* Exercise details: Among the entries below, take the line with "Für diese Sockenwolle" and the line with "逃脱者中文版是一款经典的越狱", and output them and every line between them exactly, with nothing else.

* Records provided:
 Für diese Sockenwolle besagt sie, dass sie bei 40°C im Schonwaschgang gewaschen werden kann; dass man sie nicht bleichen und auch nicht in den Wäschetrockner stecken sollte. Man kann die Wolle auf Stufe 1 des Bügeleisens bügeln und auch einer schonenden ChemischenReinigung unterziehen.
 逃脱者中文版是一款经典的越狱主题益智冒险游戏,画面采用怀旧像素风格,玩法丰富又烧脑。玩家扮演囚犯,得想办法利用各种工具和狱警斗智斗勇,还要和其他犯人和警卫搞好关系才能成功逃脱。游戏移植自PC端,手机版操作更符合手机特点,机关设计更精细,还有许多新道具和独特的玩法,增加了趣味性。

* * *

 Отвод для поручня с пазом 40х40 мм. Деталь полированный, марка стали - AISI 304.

---

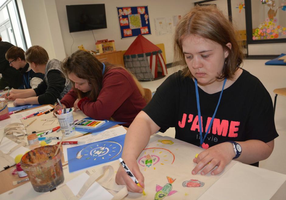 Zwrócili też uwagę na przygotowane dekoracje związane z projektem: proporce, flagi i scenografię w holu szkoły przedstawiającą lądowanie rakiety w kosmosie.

* Result of this task:
 Für diese Sockenwolle besagt sie, dass sie bei 40°C im Schonwaschgang gewaschen werden kann; dass man sie nicht bleichen und auch nicht in den Wäschetrockner stecken sollte. Man kann die Wolle auf Stufe 1 des Bügeleisens bügeln und auch einer schonenden ChemischenReinigung unterziehen.
 逃脱者中文版是一款经典的越狱主题益智冒险游戏,画面采用怀旧像素风格,玩法丰富又烧脑。玩家扮演囚犯,得想办法利用各种工具和狱警斗智斗勇,还要和其他犯人和警卫搞好关系才能成功逃脱。游戏移植自PC端,手机版操作更符合手机特点,机关设计更精细,还有许多新道具和独特的玩法,增加了趣味性。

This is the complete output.